Anchoring refers to the phenomenon by which quantitative judgements can be subconsciously affected by the consideration of previous (potentially unrelated) values. One experiment carried out by Tversky and Kahneman in 1974 was to ask subjects whether they thought the percentage of African countries that were members of the UN was above or below a random number between 0 and 100 selected from a ‘Wheel of Fortune’ style spinner. Immediately afterwards the subject would be asked to give their true estimate. Tversky and Kahneman found that the subjects’ estimates were greatly affected by the number that had appeared on the wheel, despite the subjects’ knowledge that the number had been generated entirely arbitrarily. For example, the median estimates for subjects that had received random numbers of 10 and 65 were 25% and 45% respectively.2
Yudkowsky extends this concept to that of the logical fallacy of generalization from fictional evidence. He argues that, given how human judgements can be skewed by obviously irrelevant prior information, our judgements are liable to be similarly affected by fictional narratives, despite the knowledge that fiction is not necessarily an accurate representation of reality. In relation to existential risks, Yudkowsky points out how both public and academic perception of the dangers of artificial intelligence may be susceptible to subconscious influence from sci-fi presentations such as The Terminator or HAL from 2001: A Space Odyssey. This is surely not helped by the approach taken by ‘journalists who insist on putting a picture of the Terminator on every single article they publish of this topic [AI safety]’3. The situation may not be much better in academia with Yudkowsky claiming that; ‘[n]ot uncommonly in a discussion of existential risk, the categories, choices, consequences, and strategies derive from movies, books and television shows. There are subtler defeats, but this is outright surrender.’ 4
The final bias we will discuss here is that of scope neglect – when a subject displays an insensitivity to the scaling of a problem. An experiment that clearly shows this effect was carried out by Desvousges et al. in 1993, in which the subjects were split into three groups that were asked how much money they would be willing to donate to save either 2,000, 20,000, or 200,000 birds from drowning in oil ponds5. Despite the scope of the problem (i.e., number of birds affected) varying by a factor of 100, the median responses were $80 for the group asked about 2,000 birds, $78 to save 20,000 birds, and $88 to save 200,000 birds. A number of theories have been proposed to explain this phenomenon, including the affect heuristic, that causes subjects to picture one or a handful of unfortunate birds unable to escape the oil pond, and base their response on this emotive image; or the purchase of moral satisfaction, that means that subjects would pay however much they subconsciously regard to count as having done a good deed, regardless of whether that deed saves 2,000 birds or 200,000.
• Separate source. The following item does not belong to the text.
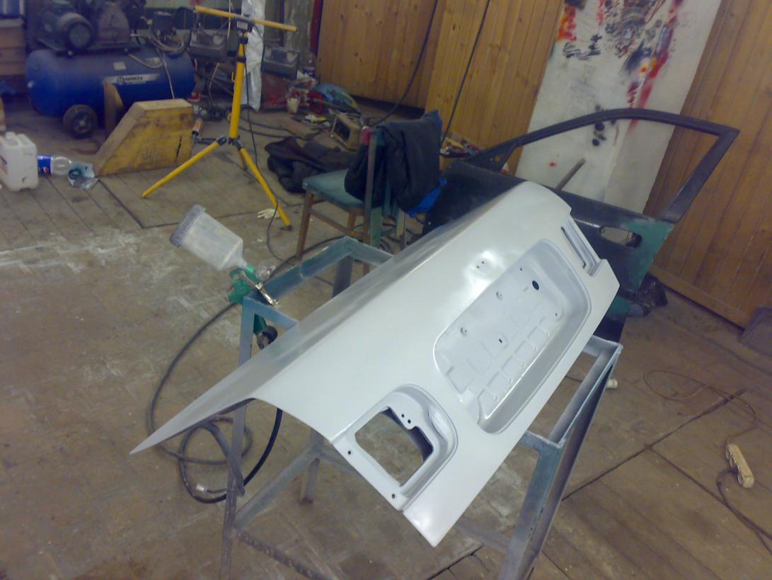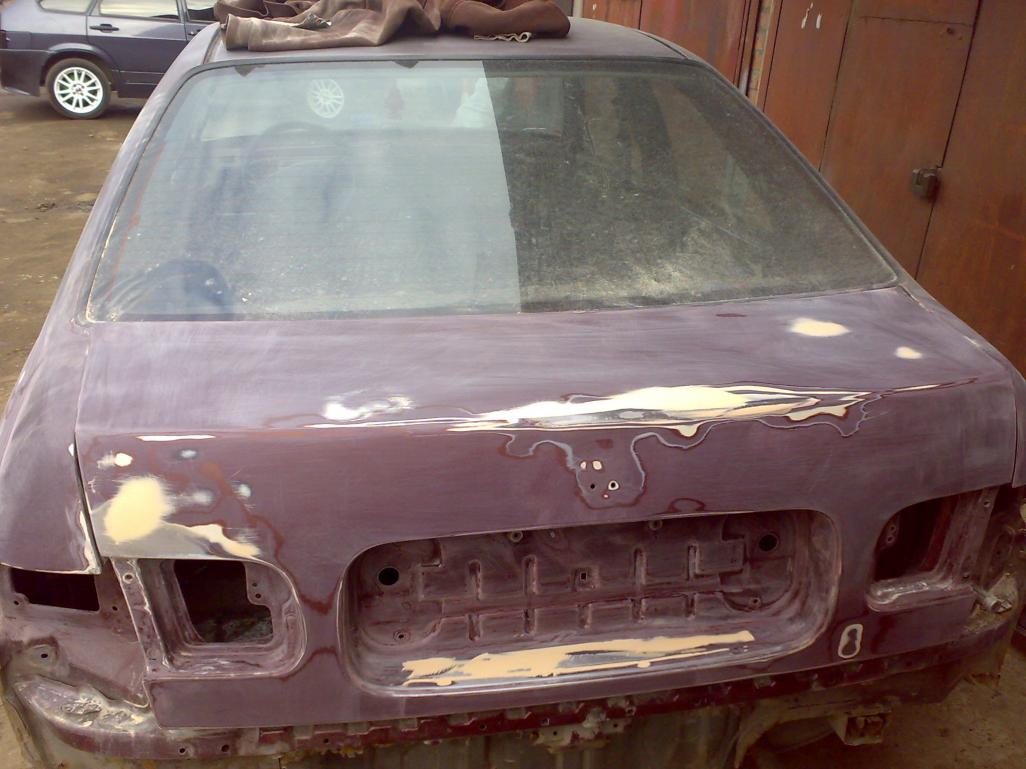 переварен багажник,частично стакан,вся старая шумка снята(салон включая торпеду,оббивки и так далее тоже)по мотору снята проводка,впуск,выпуск,кузов зашкурен полностью,под шпаклю,грунт,скоро начнём варить подкрылки,ремкомплекты арок а затем пороги

Philosopher Toby Ord has applied the problem of scope neglect to existential risks, arguing that it may lead many people to understate the significance of such catastrophic events. To quote him at length:
‘For example, we tend to treat nuclear war as an utter disaster, so we fail to distinguish nuclear wars between nations with a handful of nuclear weapons (in which millions would die) from a nuclear confrontation with thousands of nuclear weapons (in which a thousand times as many people would die, and our entire future may be destroyed). Since existential risk derives its key moral importance from the size of what is at stake, scope neglect leads us to seriously underweight its importance.’ 6
The above discussion covers a mere corner of the literature addressing cognitive biases and heuristics, and we highly recommend Yudkowsky’s article to those who are interested. Despite the incredible difficulty in overcoming their effects, Yudkowsky concludes that knowledge of such biases is ‘knowledge [that is] needful to a student of existential risk’ and that the field is in need of ‘experimental literature specific to the psychology of existential risk.’ Existential risk research is still in its adolescence, and we are yet to develop the desired scientific and analytical tools that would go a long way to ensure the rigour of our subject as a scientific discipline. As it stands though, many of the estimates of existential risks, and descriptions of the related catastrophes, are largely based on subjective, individual judgement, making them fertile land for the propagation of cognitive biases with potentially drastic effects.
Combs B, Slovic P. Newspaper Coverage of Causes of Death. Journalism Quarterly. 1979;56(4):837-849. doi:10.1177/107769907905600420
- Tversky, Amos, and Daniel Kahneman. “Judgment under Uncertainty: Heuristics and Biases.” Science, vol. 185, no. 4157, 1974, pp. 1124–1131. JSTOR, www.jstor.org/stable/1738360.
- Yudkowsky, Eliezer. 2008. “Cognitive Biases Potentially Affecting Judgment of Global Risks.” In Global Catastrophic Risks, edited by Nick Bostrom and Milan M. Ćirković, 91–119. New York: Oxford University Press.
- Desvousges, William H., F. Reed Johnson, Richard W. Dunford, Kevin J. Boyle, Sara P. Hudson, and K. Nicole Wilson. 1993. “Measuring Natural Resource Damages with Contingent Valuation: Tests of Validity and Reliability.” In Hausman 1993, 91–164.
- Ord, Toby. (2020). The Precipice: Existential Risk and the Future of Humanity, (London: Bloomsbury). Page 61.